What makes a beam statically indeterminate

A structure is stable if its centre of gravity lies above its base. An object is unstable when its centre of gravity lies outside its base. In other words, an object is unstable if a line drawn between its centre of gravity and the centre of the Earth does not pass through its base. A beam is said to be stable if it satisfy the following conditions.

All the reactions should not be parallel to each other. There should be no concurrent force system i. Besides truss-supported beams, beams are classified in the following groups: Simply supported: A beam supported on the ends, which are free to rotate and have no moment resistance.

Fixed: A beam supported on both ends, which are fixed in place. Overhanging: A simple beam extending beyond its support on one end. A fluid, such as air, tending to become or remain turbulent is said to be statically unstable; one tending to become or remain laminar is statically stable; and one on the borderline between the two which might remain laminar or turbulent depending on its history is statically neutral.

In a statically determinate system, all reactions and internal member forces can be calculated solely from equations of equilibrium. A truss which has got just sufficient number of members to resist the loads without undergoing deformation in its shape is called a perfect truss. Triangular truss is the simplest perfect truss and it has three joints and three members. There are five basic idealized support structure types, categorized by the types of deflection they constrain: roller, pinned, fixed, hanger and simple support.

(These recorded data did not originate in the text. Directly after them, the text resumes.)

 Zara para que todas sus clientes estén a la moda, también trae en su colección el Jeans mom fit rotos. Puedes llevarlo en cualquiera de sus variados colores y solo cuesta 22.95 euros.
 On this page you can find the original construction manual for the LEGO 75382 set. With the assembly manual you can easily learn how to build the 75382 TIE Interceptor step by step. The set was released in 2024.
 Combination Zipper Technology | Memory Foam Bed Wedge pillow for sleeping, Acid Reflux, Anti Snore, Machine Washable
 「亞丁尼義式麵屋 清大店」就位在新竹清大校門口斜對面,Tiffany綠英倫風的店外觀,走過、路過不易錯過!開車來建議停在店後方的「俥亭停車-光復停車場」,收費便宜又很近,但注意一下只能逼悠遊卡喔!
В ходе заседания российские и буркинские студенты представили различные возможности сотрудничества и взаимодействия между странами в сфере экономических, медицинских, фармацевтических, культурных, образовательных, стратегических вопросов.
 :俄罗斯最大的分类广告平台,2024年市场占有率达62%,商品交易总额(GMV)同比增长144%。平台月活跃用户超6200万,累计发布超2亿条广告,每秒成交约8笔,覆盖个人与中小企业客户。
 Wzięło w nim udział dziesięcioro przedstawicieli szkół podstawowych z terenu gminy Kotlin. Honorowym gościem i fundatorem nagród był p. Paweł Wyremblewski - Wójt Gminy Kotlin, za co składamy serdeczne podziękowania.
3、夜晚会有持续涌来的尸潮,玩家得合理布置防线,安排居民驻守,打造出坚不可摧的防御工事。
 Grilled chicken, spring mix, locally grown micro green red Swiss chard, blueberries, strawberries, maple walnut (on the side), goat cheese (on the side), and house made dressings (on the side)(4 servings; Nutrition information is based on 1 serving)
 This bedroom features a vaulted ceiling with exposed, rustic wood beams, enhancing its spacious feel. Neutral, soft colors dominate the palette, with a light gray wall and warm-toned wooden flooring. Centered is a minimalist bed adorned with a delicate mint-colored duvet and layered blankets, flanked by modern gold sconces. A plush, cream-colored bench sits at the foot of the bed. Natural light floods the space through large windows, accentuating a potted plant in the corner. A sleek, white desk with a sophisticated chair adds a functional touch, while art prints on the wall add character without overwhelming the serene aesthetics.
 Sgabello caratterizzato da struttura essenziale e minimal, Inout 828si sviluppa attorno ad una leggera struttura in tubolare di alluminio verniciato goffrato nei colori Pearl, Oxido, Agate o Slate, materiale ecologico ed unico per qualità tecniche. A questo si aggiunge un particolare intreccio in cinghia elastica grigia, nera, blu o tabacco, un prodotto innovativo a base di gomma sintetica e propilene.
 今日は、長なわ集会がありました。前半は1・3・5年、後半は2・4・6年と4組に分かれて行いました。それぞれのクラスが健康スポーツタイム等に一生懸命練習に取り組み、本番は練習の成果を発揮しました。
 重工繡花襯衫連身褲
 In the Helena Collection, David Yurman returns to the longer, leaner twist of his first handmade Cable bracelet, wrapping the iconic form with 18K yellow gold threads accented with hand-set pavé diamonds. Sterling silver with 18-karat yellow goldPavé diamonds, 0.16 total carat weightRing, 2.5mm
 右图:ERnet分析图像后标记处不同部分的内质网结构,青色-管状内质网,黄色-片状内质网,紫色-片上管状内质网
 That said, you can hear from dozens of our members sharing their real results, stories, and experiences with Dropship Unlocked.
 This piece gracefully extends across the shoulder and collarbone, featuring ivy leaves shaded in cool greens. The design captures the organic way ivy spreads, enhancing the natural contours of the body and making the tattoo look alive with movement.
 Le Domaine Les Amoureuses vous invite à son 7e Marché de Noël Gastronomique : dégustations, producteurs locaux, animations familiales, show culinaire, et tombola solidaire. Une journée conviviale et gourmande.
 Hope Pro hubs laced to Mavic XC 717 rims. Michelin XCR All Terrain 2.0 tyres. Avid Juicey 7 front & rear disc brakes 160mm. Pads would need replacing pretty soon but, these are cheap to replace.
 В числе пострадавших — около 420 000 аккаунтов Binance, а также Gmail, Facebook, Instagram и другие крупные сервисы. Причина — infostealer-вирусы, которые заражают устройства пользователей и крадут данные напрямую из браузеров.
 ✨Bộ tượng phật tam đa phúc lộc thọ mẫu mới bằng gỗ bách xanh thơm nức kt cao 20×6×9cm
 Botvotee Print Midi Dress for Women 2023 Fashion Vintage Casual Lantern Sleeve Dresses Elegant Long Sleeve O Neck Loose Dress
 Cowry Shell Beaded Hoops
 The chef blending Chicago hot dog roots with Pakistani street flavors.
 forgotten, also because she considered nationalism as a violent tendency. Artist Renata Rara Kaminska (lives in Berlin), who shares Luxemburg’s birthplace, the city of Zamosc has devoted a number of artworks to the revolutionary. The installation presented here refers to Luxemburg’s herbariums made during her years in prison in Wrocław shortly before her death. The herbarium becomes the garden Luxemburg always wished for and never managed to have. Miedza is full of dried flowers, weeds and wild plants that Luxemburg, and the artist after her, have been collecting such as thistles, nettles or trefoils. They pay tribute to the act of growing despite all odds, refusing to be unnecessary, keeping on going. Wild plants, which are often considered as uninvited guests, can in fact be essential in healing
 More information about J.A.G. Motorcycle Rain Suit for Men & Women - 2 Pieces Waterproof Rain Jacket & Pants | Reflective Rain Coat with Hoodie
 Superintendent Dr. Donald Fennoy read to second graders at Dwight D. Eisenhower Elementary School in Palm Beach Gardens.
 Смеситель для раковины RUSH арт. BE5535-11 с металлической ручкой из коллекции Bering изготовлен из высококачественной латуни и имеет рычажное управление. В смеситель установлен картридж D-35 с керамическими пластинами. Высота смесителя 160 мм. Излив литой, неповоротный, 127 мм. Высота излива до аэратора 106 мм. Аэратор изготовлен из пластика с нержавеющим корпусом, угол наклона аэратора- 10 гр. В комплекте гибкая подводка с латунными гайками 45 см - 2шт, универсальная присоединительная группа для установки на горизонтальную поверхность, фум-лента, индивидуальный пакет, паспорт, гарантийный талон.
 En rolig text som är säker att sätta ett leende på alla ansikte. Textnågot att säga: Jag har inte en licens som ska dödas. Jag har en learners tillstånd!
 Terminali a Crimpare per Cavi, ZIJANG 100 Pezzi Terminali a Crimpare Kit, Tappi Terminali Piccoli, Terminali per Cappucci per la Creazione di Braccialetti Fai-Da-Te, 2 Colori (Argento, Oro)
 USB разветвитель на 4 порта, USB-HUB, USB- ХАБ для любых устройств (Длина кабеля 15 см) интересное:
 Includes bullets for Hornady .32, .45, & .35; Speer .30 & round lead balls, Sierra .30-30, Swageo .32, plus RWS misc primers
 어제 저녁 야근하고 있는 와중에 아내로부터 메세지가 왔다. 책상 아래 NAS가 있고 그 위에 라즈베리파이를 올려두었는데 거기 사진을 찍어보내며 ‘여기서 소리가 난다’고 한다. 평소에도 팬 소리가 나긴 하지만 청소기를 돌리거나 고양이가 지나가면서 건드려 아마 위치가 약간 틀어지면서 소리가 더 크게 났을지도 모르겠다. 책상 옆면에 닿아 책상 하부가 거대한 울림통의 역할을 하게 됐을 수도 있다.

If the structure can be analyzed by use of the equation of equilibrium is known as statically determinate structure. The equation of equilibrium are,. Sum of horizontal force is zero, Sum of vertical force is zero, Sum of the moment about any point is zero. The structure which cannot be analyzed by just using the equation of equilibrium is known as a statically indeterminate structure.

At A it is hinged support and at B it has roller support. So, In the above beam, the reaction occurred at A is vertically upward and also in a horizontal direction. Because hinge support has two reactions. So, in the above beam, Totally three unknown reaction which is two reactions at support A and one unknown reaction at B.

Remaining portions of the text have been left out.